A high-performance instrumentation framework for LLM interpretability and observability.

Objectives

  • Throughput: Maintain ≥ 90% of un-instrumented inference speed.
  • Data rate: Sustain ≥ 2 GB/s activation streaming to disk.
  • Compression: Achieve ≥ 3× reduction with lossy error < 1e-3 when enabled.
  • Memory: Keep host RAM usage ≤ 24 GB with backpressure and buffering.

Stack

  • Runtime: PyTorch, asyncio, threading.
  • GPU: Optional CUDA streams and pinned buffers (see memory/cuda_manager.py).
  • Compression: LZ4, Zstd, optional no-op.
  • Analysis: Hooks for downstream causal graphs and SAE-based features.

Install

python -m venv .venv && source .venv/bin/activate
pip install -r requirements.txt
pip install -e .

Quick Usage

import torch
from llm_instrumentation import (
    InstrumentationFramework,
    InstrumentationConfig,
    HookGranularity,
)
from transformers import AutoModelForCausalLM

model = AutoModelForCausalLM.from_pretrained("meta-llama/Llama-2-7b-hf")

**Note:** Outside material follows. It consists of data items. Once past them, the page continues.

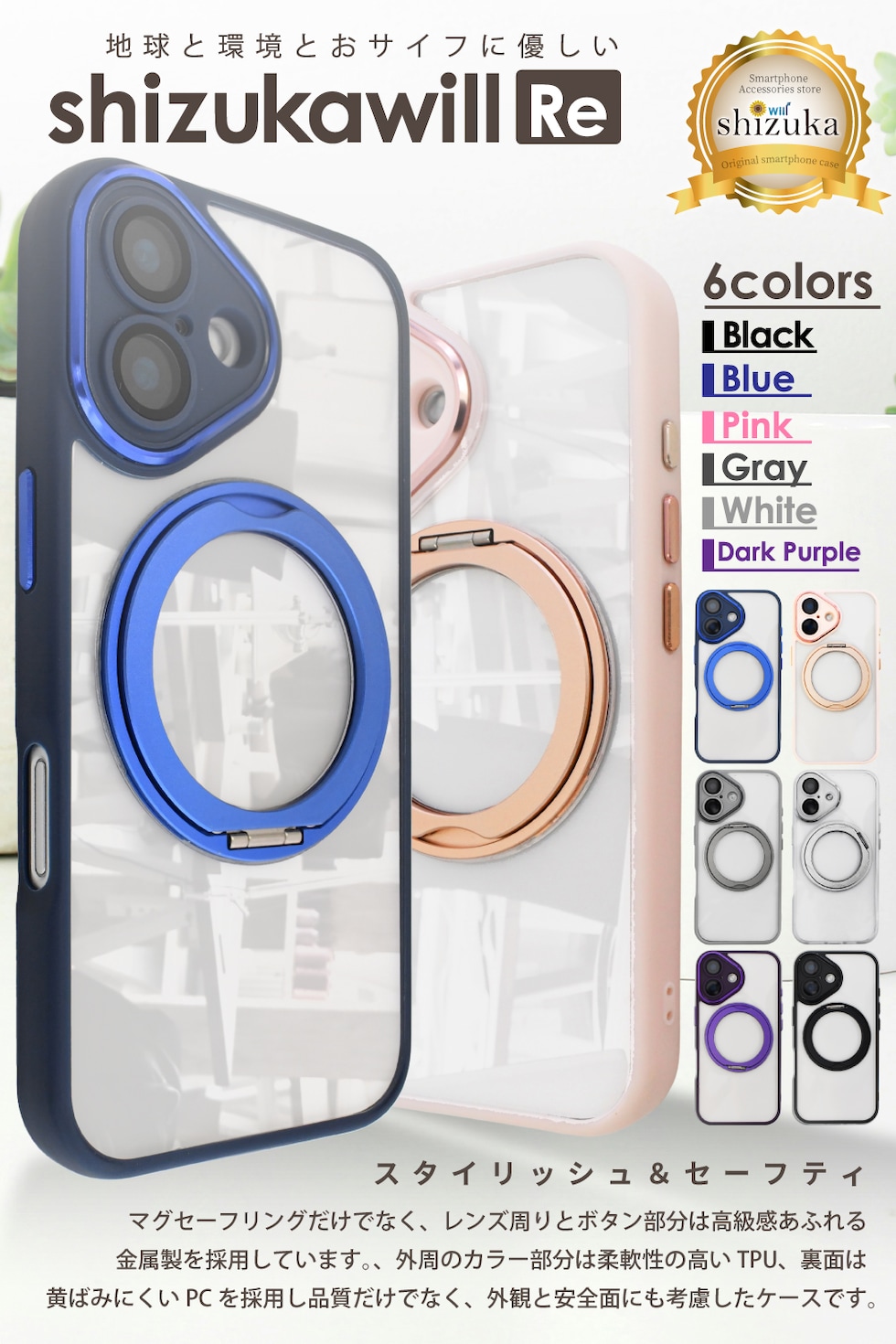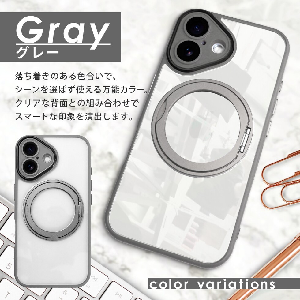 シズカウィルRe iPhone 14 ケース MagSafe対応 リング スタンド レンズ保護 カバー ワイヤレス充電 耐衝撃 ハイブリッド9 スマホケース グレー 1個入り
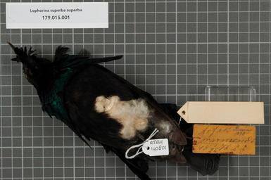 | Keywords: Naturalis Biodiversity Center - RMNH.AVES.140801 2 - Lophorina superba superba (Pennant, 1781) - Paradisaeidae - bird skin specimen.jpeg artwork Dimensions artwork Document type Paradisaeidae Lophorina Individual count 1 Infraspecific epithet superba Infraspecific rank Institution Naturalis Kind of unit artwork Kind of unit specimen skin Life stage Arfak Warmendi Medium artwork Nomenclatural code Additional info L Occurrence ID page Other fields Other versions artwork Permission license Naturalis donation CC-0 Publication location Scientific name Lophorina superba superba Pennant 1781 Scientific name authorship Pennant 1781 male Source url http //bioportal naturalis nl Specific epithet superba State or province Arfak Subject keywords artwork Subject keywords publication Title artwork Title publication Type status Uploaded with GWToolset Naturalis_Biodiversity_Center_-_RMNH AVES 140801_2_-_Lophorina_superba_superba_ Pennant _1781 _-_Paradisaeidae_-_bird_skin_specimen http //medialib naturalis nl/file/id/RMNH AVES 140801_2/format/large Media donated by Naturalis Biodiversity Center Songbird specimens at Naturalis Biodiversity Center Lophorina superba Lophorina |
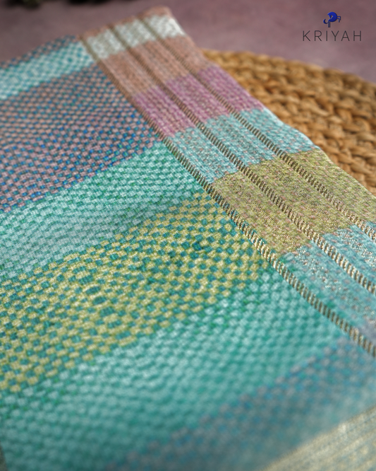 ABSTRACT PRINTED CREPE SAREE - AQUA GREEN
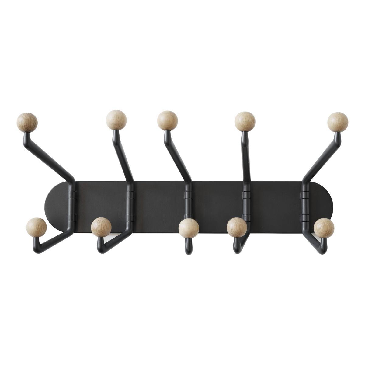 A sculptural approach to a traditional piece of furniture. This wall-mounted coat rack in graphite grey aluminium is adorned with solid oak balls. Inspired by the appearance of the branches of a tree, Capture has a fluid silhouette and is very sturdy. The ten pivoting tree-like arms of different depths ensure maximum functionality. This coat rack will be perfect in an entrance hall for hanging coats and bags, in a bathroom or kitchen for hanging towels and tea towels. It’s ideal in private, contract or commercial spaces. Delivered flat (easy assembly).
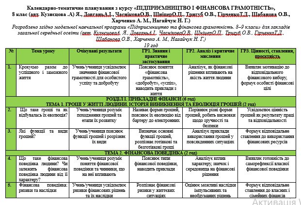 Календарно-тематичне планування з курсу «ПІДПРИЄМНИЦТВО І ФІНАНСОВА ГРАМОТНІСТЬ», 8 клас (авт. Кузнєцова .А)
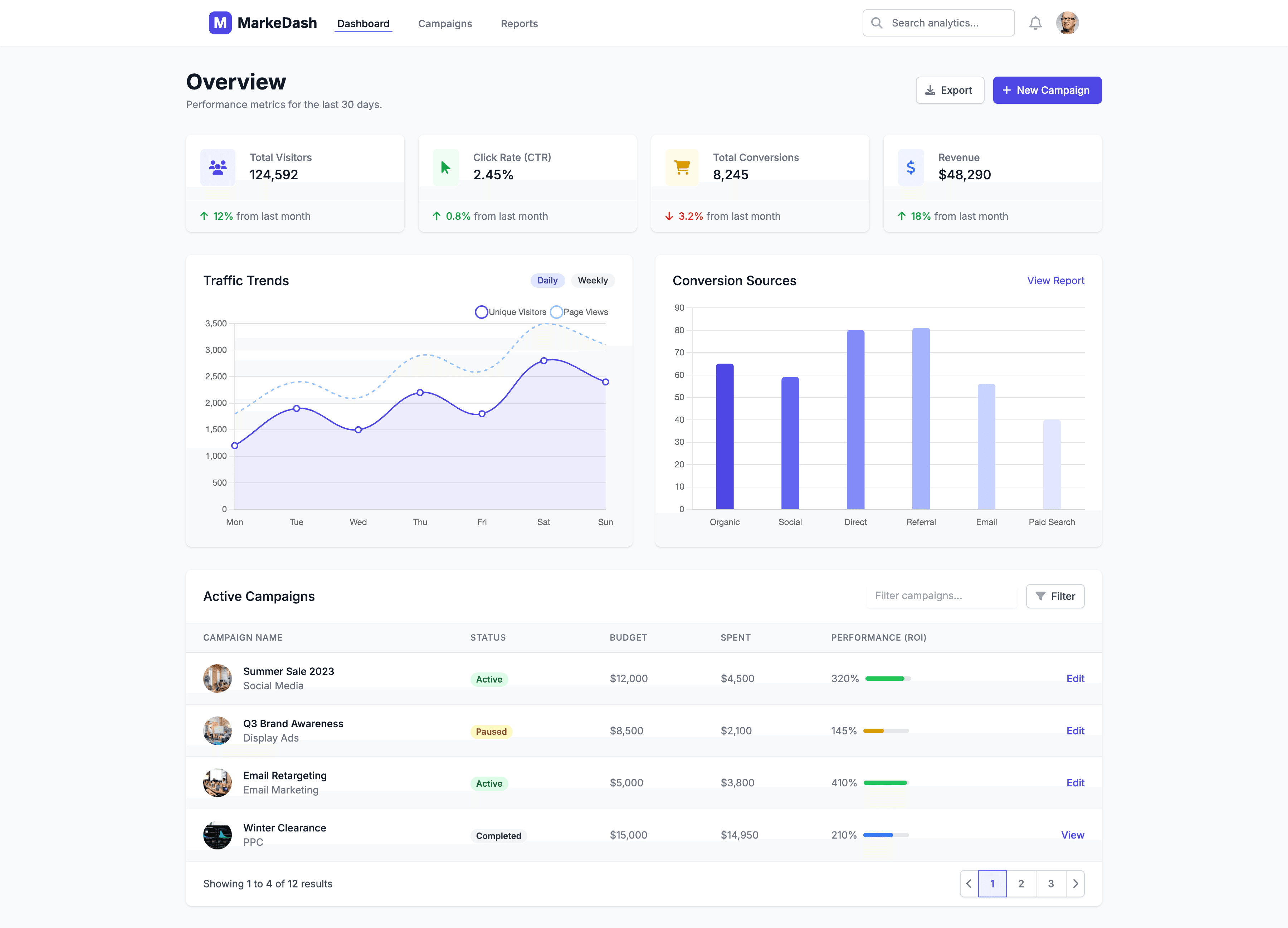 Strong visual hierarchy — Typography, card elevation, and color accents guide attention smoothly across key metrics and campaign insights.
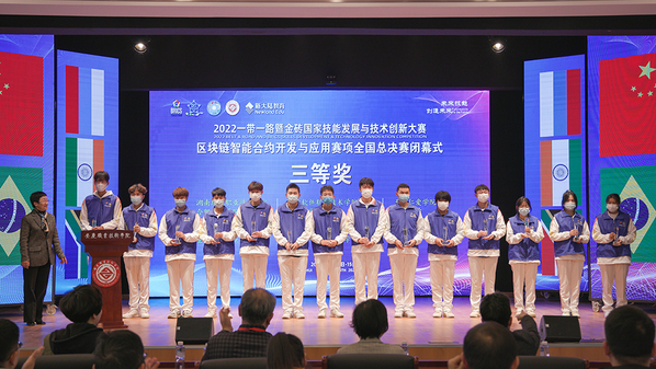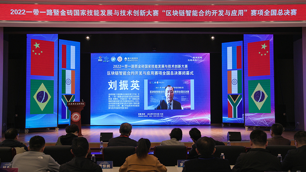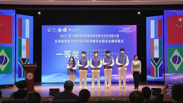 11月15日,2022一帶一路暨金磚國家技能發(fā)展與技術(shù)創(chuàng)新大賽“區(qū)塊鏈智能合約與開發(fā)”賽項全國總決賽在安慶職業(yè)技術(shù)學(xué)院圓滿落幕。安慶市委常委、宣傳部部長王愛武,大賽裁判長胡學(xué)鋼,安慶職業(yè)技術(shù)學(xué)院黨委副書記、校長畢明生,新大陸集團品牌發(fā)展部總監(jiān)王曉,大賽專家組組長董甲東,大賽監(jiān)督仲裁委沙有闖,安慶職業(yè)技術(shù)學(xué)院黨委委員高潤霞出席。新大陸科技集團安徽辦事處負責(zé)人,信息技術(shù)學(xué)院主要負責(zé)人參加。
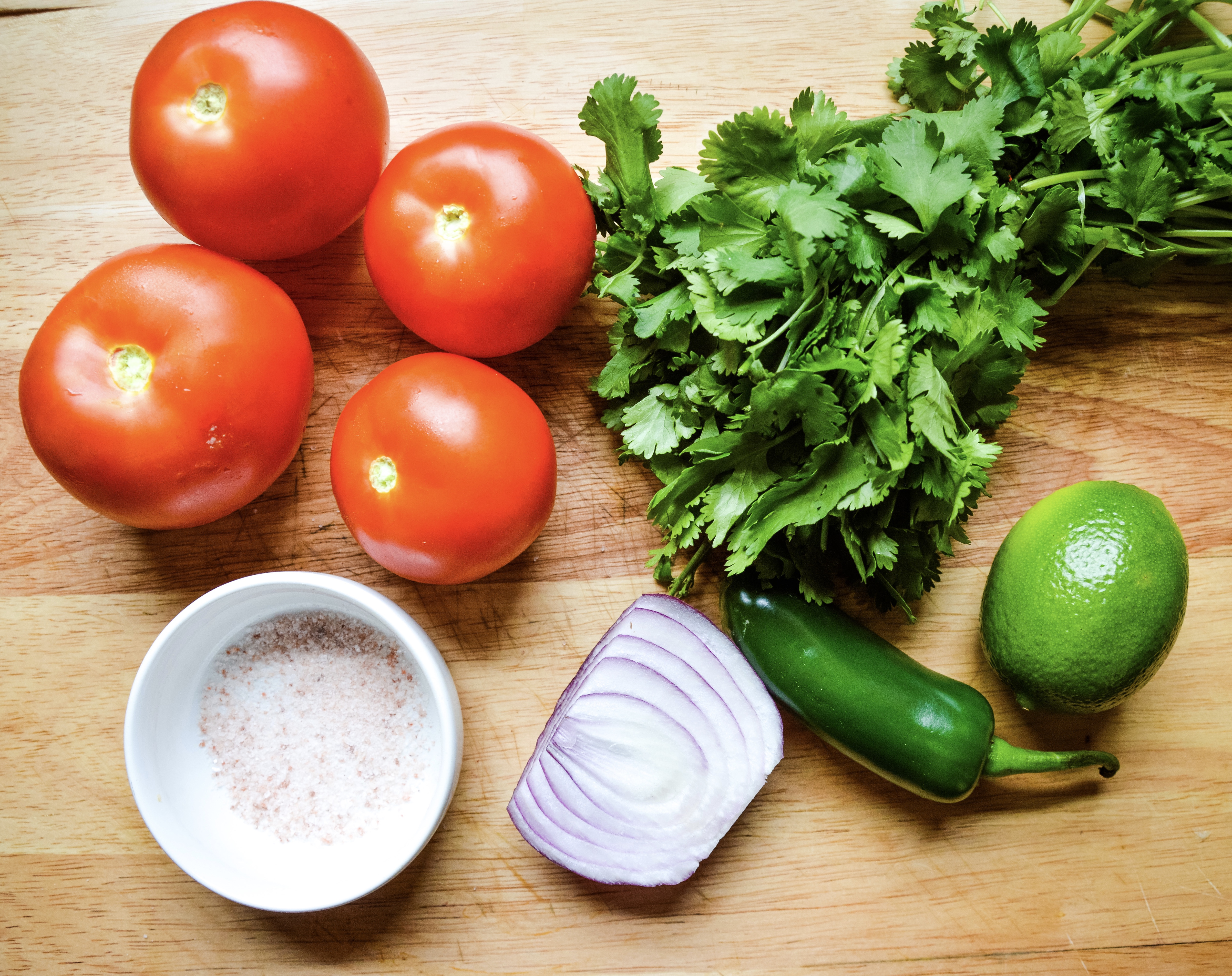- Toss your tomatoes, onion, and cilantro together. Squeeze in your lime just and season with salt and pepper to taste. Store in the fridge. Serve with tortilla chips or your favorite Mexican dishes, enjoy!
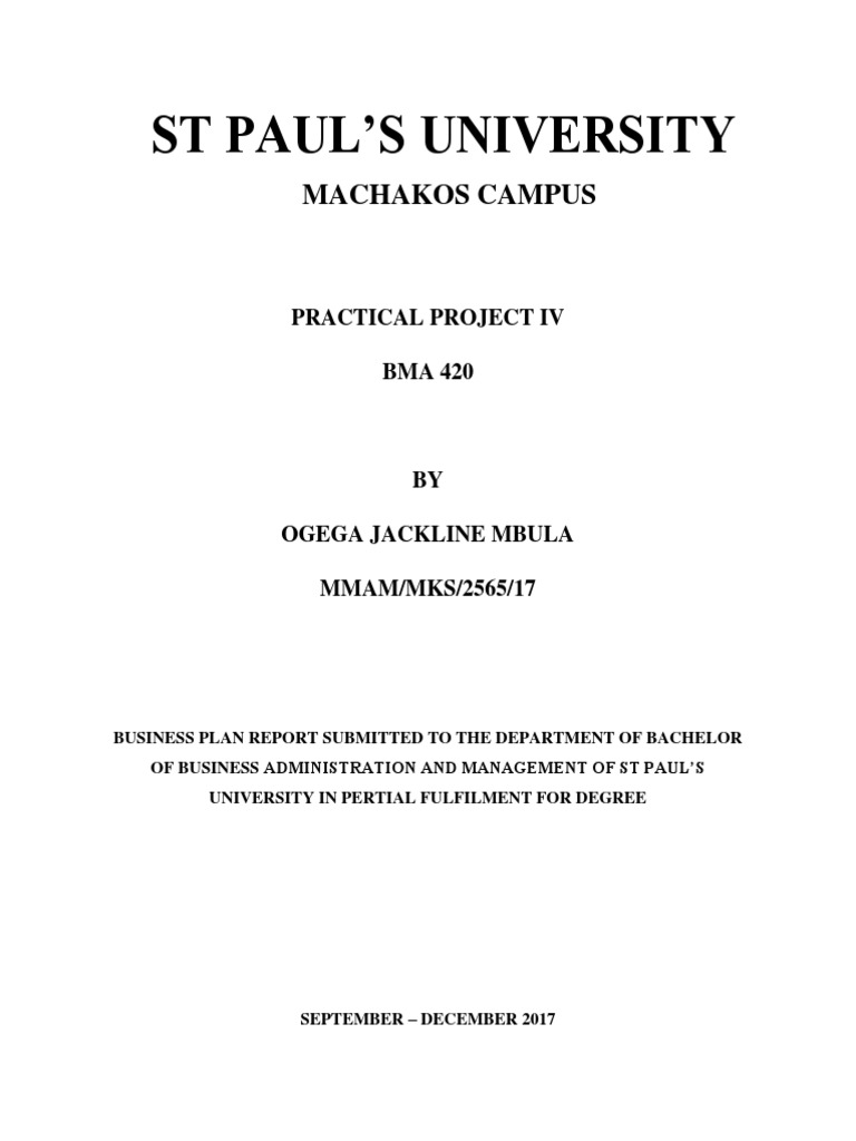 I Ogega Jackline Mbula declare this work as my original business project and is not a
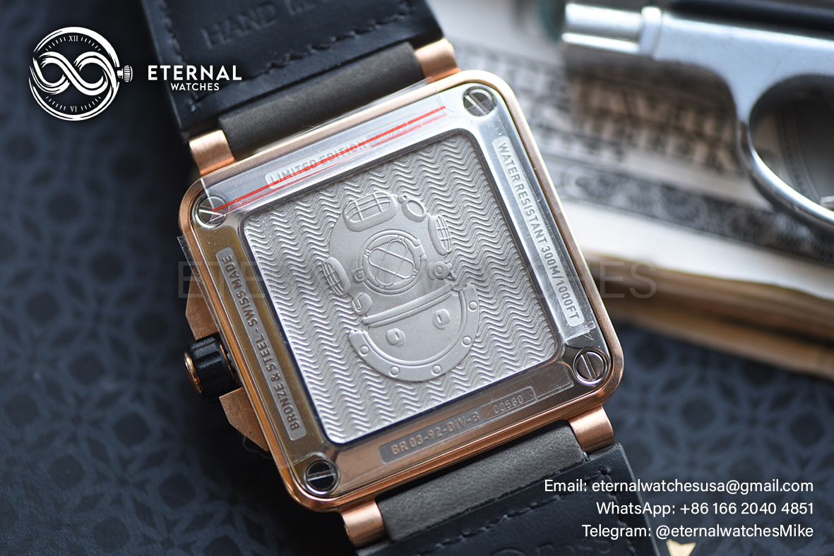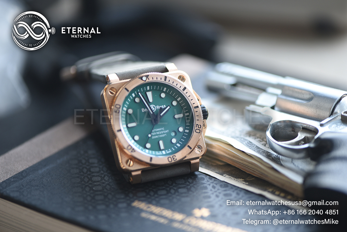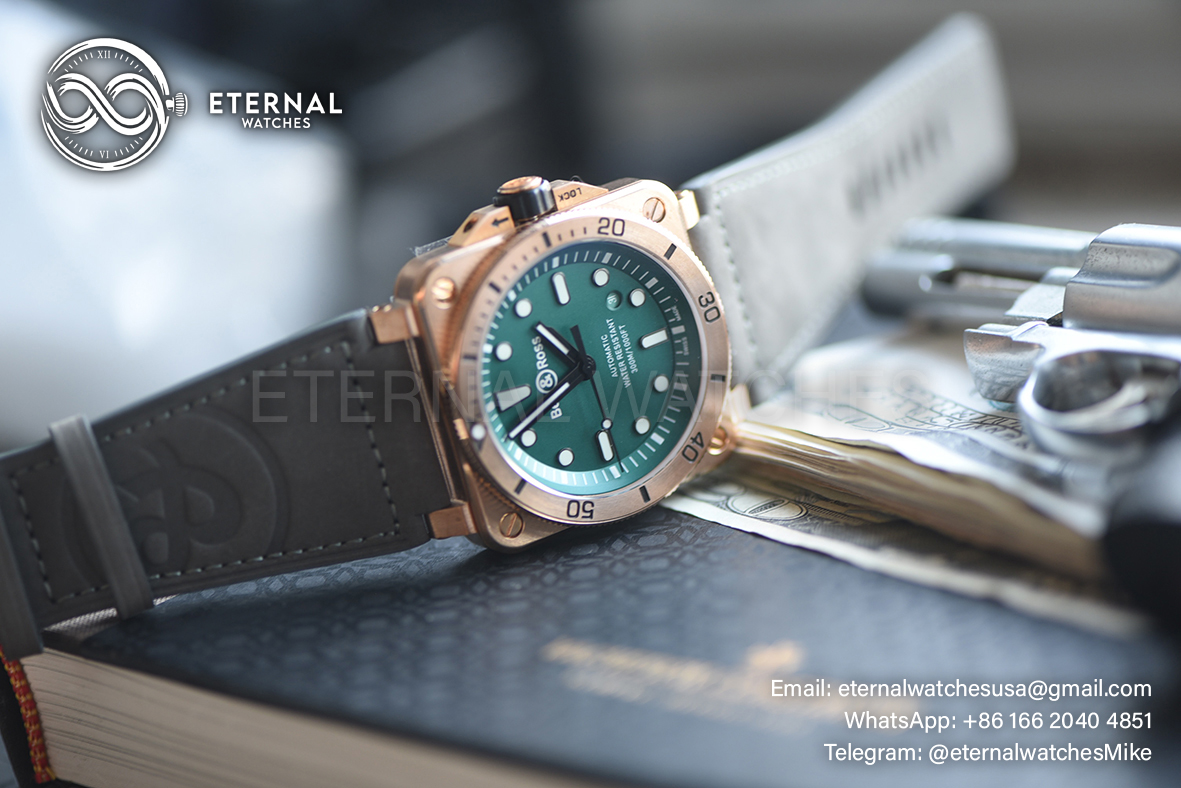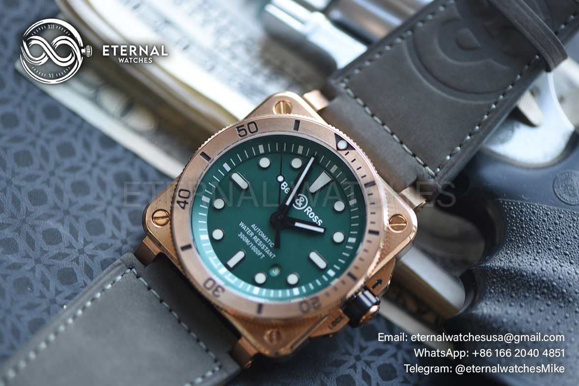 MOVEMENT: Nickle Plated Japanese Miyota 9015 Automatic Movement CASE DIAMETER: 42mm X 42mm THICKNESS: 11mm (1 : 1 Casework Profile) DIAL COLOR: Green Dial with Stick Markers (Swiss Grade Superlume Applied) CASE MATERIAL: Solid Bronze (Case back Screws are Real with Removable Lugs) BRACELET: Grey Leather + Black Rubber Strap with Insignia Buckle and Tool Kit FRONT GLASS: Sapphire with Light AR Coating (Swiss Grade) - Bronze Bezel BACK GLASS: Solid Case Back with detailed Engraving CLASP TYPE: Normal Tang Buckle DATE INDICATOR: At 4:30 (adjusted via crown) OTHER REMARKS: Waterproof to 30m direct from Factory

config = InstrumentationConfig(
    granularity=HookGranularity.ATTENTION_ONLY,
    compression_algorithm="lz4",  # or "zstd" or "none"
    target_throughput_gbps=2.0,
    max_memory_gb=24,
)

framework = InstrumentationFramework(config)
framework.instrument_model(model)

with framework.capture_activations("output.stream"):
    _ = model(torch.randint(0, 100, (1, 16)))

analysis = framework.analyze_activations("output.stream")

## Per-token Tracking (opt-in)

Enable lightweight token boundary tracking without affecting the compression/streaming pipeline. Token metadata is stored in memory and saved to `{output_path}_tokens.json` on context exit.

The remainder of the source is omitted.